Édition du 13 juin 2005 / volume 39, numéro 32
 
  La radio satellite brouille les ondes
Selon Pierre Trudel, le CRTC doit préserver la souveraineté canadienne

La popularité des «soucoupes» oblige à poser différemment la question de la souveraineté canadienne des ondes.

L’automne dernier, deux entreprises canadiennes de radiodiffusion, XM Satellite Radio et Sirius Satellite Radio, demandaient au Conseil de la radiodiffusion et des télécommunications canadiennes (CRTC) l’autorisation d’offrir aux Canadiens des services de radio par satellite comme il en existe pour la télévision. Ce projet, anodin en apparence, se heurte toutefois à des problèmes financiers, technologiques et juridiques de taille qui mettent en cause la souveraineté canadienne dans la radiodiffusion.

Les deux entreprises sont en réalité des succursales de sociétés américaines. Elles utiliseraient des satellites américains et n’offriraient au Canada que 4 canaux chacune sur 101 pour la première et 78 pour la seconde.
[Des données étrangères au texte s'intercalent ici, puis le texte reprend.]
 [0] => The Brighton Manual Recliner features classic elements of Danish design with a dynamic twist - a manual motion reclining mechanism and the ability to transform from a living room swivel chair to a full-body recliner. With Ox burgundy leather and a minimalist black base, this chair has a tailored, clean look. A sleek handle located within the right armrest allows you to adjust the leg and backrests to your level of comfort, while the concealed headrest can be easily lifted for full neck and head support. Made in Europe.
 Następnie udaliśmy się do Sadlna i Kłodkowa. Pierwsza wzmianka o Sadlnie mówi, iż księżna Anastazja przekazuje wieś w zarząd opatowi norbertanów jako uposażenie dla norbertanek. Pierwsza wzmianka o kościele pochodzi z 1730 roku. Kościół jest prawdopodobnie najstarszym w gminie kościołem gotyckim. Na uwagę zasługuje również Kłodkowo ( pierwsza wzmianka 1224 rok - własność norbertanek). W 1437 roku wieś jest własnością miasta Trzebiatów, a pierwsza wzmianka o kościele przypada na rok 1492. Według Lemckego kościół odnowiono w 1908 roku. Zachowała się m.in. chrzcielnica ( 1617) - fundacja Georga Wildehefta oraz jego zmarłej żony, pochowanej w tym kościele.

Comme le contenu de la radio payante aux États-Unis n’est pas soumis aux règlements de la Commission fédérale des communications, plusieurs problèmes se posent.

Comme pour la télévision, la règlementation du CRTC stipule que les infrastructures de radiodiffusion doivent être de propriété canadienne et que les stations, ou les forfaits offerts, doivent présenter un minimum de 35 % de contenu canadien. Le CRTC devrait-il modifier sa règlementation pour permettre la radio par satellite? «Il aurait tort, répond Pierre Trudel, professeur à la Faculté de droit. Le contrôle canadien sur la radiodiffusion est un principe important qui a toujours été là et qui doit demeurer. Sans ce principe, nous serions des locataires dépendants des diffuseurs privés américains, qui pourraient décider n’importe quand de retirer nos chaines. Et le Canada serait incapable d’appliquer ses propres lois à l’égard du contenu des émissions diffusées sur son territoire.»

Pierre Trudel

Selon le titulaire de la Chaire L. R. Wilson sur le droit des technologies de l’information et du commerce électronique, le principe de la prédominance canadienne a très bien servi le pays jusqu’à maintenant et demeure adapté à la situation. «Ceci a stimulé la production canadienne et nous a amenés à produire davantage d’émissions nationales qu’ailleurs dans le monde, cela sans limiter l’accès aux chaines étrangères. Toute proportion gardée, même le Québec produit plus que la France.»

S’il fallait passer par les satellites américains, il faudrait prendre les moyens juridiques nécessaires pour assurer le maintien de cette production, ce que les projets mis sur la table n’assurent pas. Aux yeux du spécialiste du droit des médias, il s’agit là d’un cas classique de plans d’affaires élaborés sans aucun souci de la loi. «Si les responsables de ces projets, au rang desquels on trouve Radio-Canada, avaient tenu compte de la loi, ils n’auraient pas proposé un tel modèle», affirme-t-il.

Si le Canada voulait aujourd’hui se doter d’un satellite destiné à ce type de diffusion, il lui en couterait entre 800 M$ et 1 G$ et sans vraiment être sûr de disposer d’un plus grand nombre de canaux. «Tout serait une affaire de négociations avec les États-Unis», estime le professeur. Mais il faut éviter selon lui de se borner à la seule question technologique. «Ce n’est pas parce qu’une chose est techniquement possible qu’il faut l’autoriser. Il peut y avoir d’autres façons de voir.»

Une solution réside dans l’augmentation des chaines audionumériques diffusées par voie terrestre. Un projet de ce type, cent pour cent canadien, a été présenté au CRTC par Astral Radio, propriétaire des réseaux.

Préserver le contenu canadien par une gestion rationnelle des infrastructures n’est pas un signe de xénophobie ni d’antiaméricanisme, tient-il à préciser. «La mondialisation a du sens dans la mesure où toutes les cultures peuvent apporter leur contribution et éviter la simple américanisation.»

L’enjeu que posent ces nouvelles technologies de diffusion, incluant la diffusion par Internet, est de taille puisque, selon Pierre Trudel, elles pourraient menacer la survie de la bande FM.